Doing the WorkFinished

I've been busy recently...

Very busy.

January came and went with the initiation of several big projects - stuff I didn't think I would finish by February...

But, somehow, I'm on track to ship (subscribe to my blog to get insider sneak peaks and first releases of awesome content, products and projects before everyone else).

Here are a few things I did that helped me focus my effort so I could create some great stuff I really think will help you on your own journey:

#1. Establish a Deadline

No matter what happens, the projects I'm working on WILL ship.

Maybe that means I don't leave the computer the weekend before they ship, but so be it.

As long as you set a ship date - and understand that shipping isn't an option - your project will ship.

#2. Identify Perfect...and then Identify Good Enough

Perfect is what you strive for.  But good enough is what you NEED.

It's important to identify what makes your project perfect, but perfect rarely happens.  If you don't know what good enough looks like, you will spend time spinning wheels trying to reach the unattainable.

On the other hand, if you identify good enough beforehand, and the project is good enough, you can still ship on time.  And shipping is what matters.

#3. Thrash

Thrashing is all about tearing apart your idea to find the holes, the missing pieces, and the weaknesses of your project.

Thrashing is brutal.

When we sit down to really understand what and why we're doing something, or how to put our project together, it means we inspect every part of who WE are.  If there's not clear solution to a part of your project, it's easy to feel terrible.

Don't.

Thrashing is essential.  If you don't thrash, you'll never find your voice, manifest your vision, or ship your final product.

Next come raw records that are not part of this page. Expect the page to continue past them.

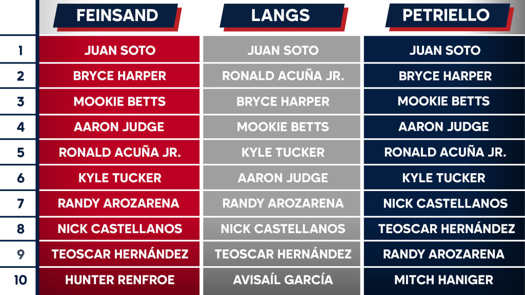 Simon: Let's talk about that. Bryce Harper is as low as third on these lists. Mookie Betts is as low as fourth. Aaron Judge is as low as sixth. All three are superstars. Is this the best position in baseball right now? Or at least the best top five?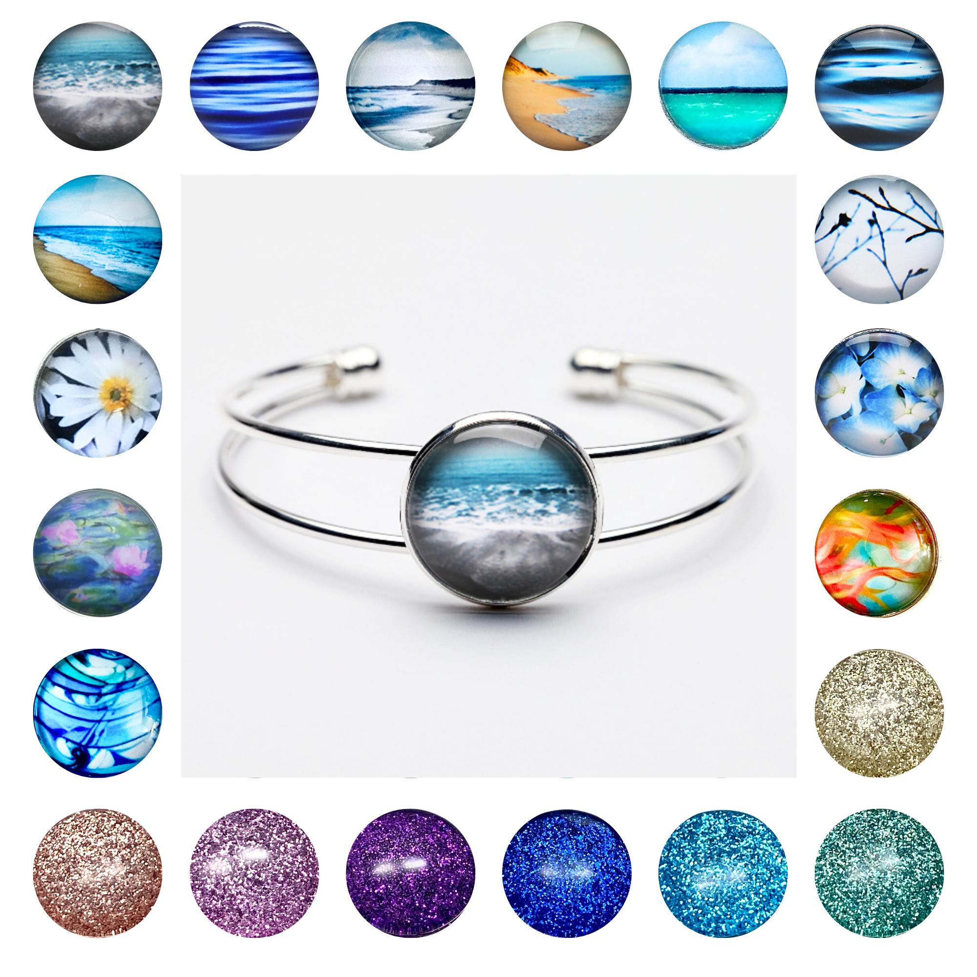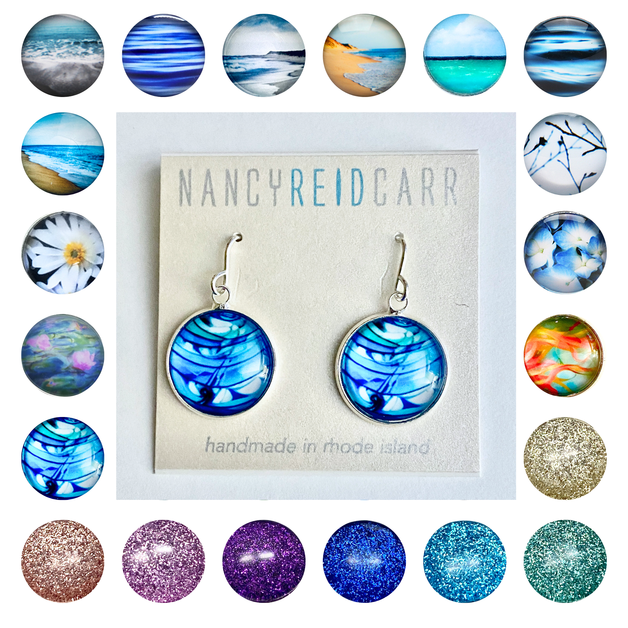 Nancy Reid Carr is a Rhode Island artist and mother of two daughters. She has been working as an artist for nearly 20 years. The imagery she creates is quiet and serene with a distinct focus on color, texture & composition. Simplicity in design combined with her chosen materials of metal, glass and metallic paper offer a fresh, modern aesthetic. The aluminum cuff bracelets have a natural metallic base that is coated with a scratch resistant emulsion which receives the ink through a heat transfer process, exhibiting vibrant color & detail. These cuffs are smooth, comfortable and highly flexible. The glass and silver jewelry line is made with imagery on metallic paper then displayed under a dreamy convex magnifying glass.
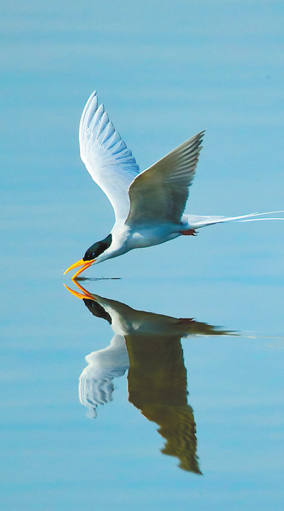 河燕鸥在大盈江捕食。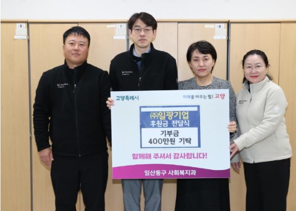 이날 ㈜일광기업 류제만 이사는 일산동구청에 방문해 기부금을 전달했으며, “기업의 사회 환원 활동을 통해 어려운 이웃을 돕고자 기부를 결정했다. 우리가 전달하는 마음이 따뜻한 지역사회를 만들어가는 소중한 발걸음이 되길 바란다”라고 말했다.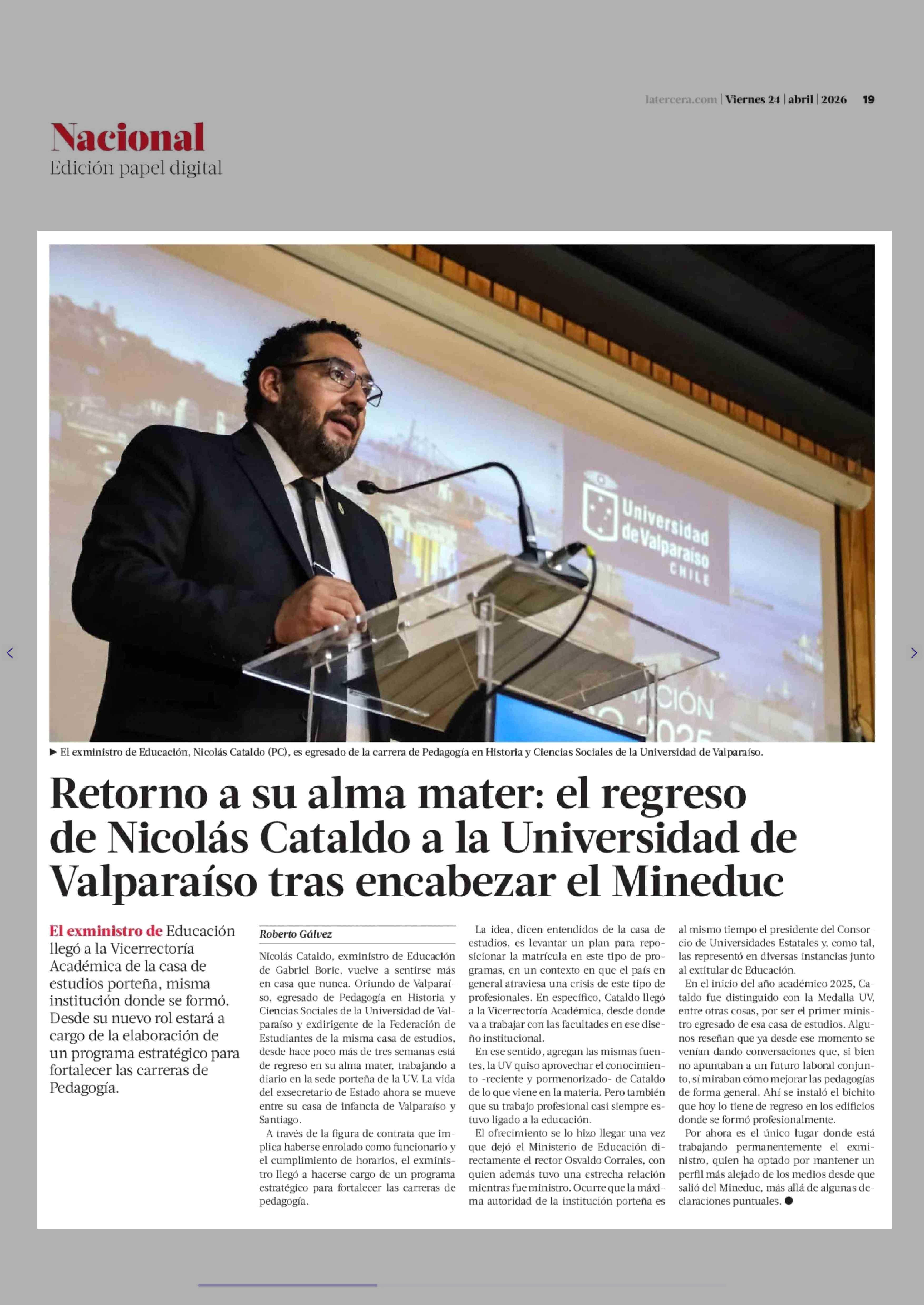 Título: Retorno a su alma mater: el regreso de Nicolás Cataldo a la Universidad de Valparaíso tras encabezar el Mineduc

Thrashing occurs throughout the project, but when you spend serious time and effort thrashing in the beginning, you'll produce a better product and run into less trouble along the way.

(here is a great article by Jonathan Fields on Thrashing)

#4. Chunk

Chunking is taking the thrashed version of your idea and creating individual ship dates for each component/piece/part.

I like to chunk down pieces of the project into 1-3 hour intervals.  This means every piece of the puzzle I can accomplish within a 3 hour time-frame.

This allows me to realistically set a ship date that know I can reach it.

-> "What if I don't know how long something will take?"

I rarely know how long something will take.  But I've learned something through my experiences: a 30 minute blog post WILL take 3 hours.

That eBook you think you can write in a 7 days WILL take 1 - 2 months.

The manuscript you're working on, the one you think will take a few months...give yourself a year.

My rule of thumb: When in doubt, multiply by 6.

#5. Ship

That's right: actually shipping is essential to shipping your project successfully.

But how many people actually ship?

Everything here is focused on shipping, because shipping matters (see item #2).  Even if iteration 1.0 doesn't turn out the way you want it to, it's out there, and you can refine and re-release later.

The goal, of course, is to thrash and chunk in such a way that you create a stellar product and ship something incredible the first round.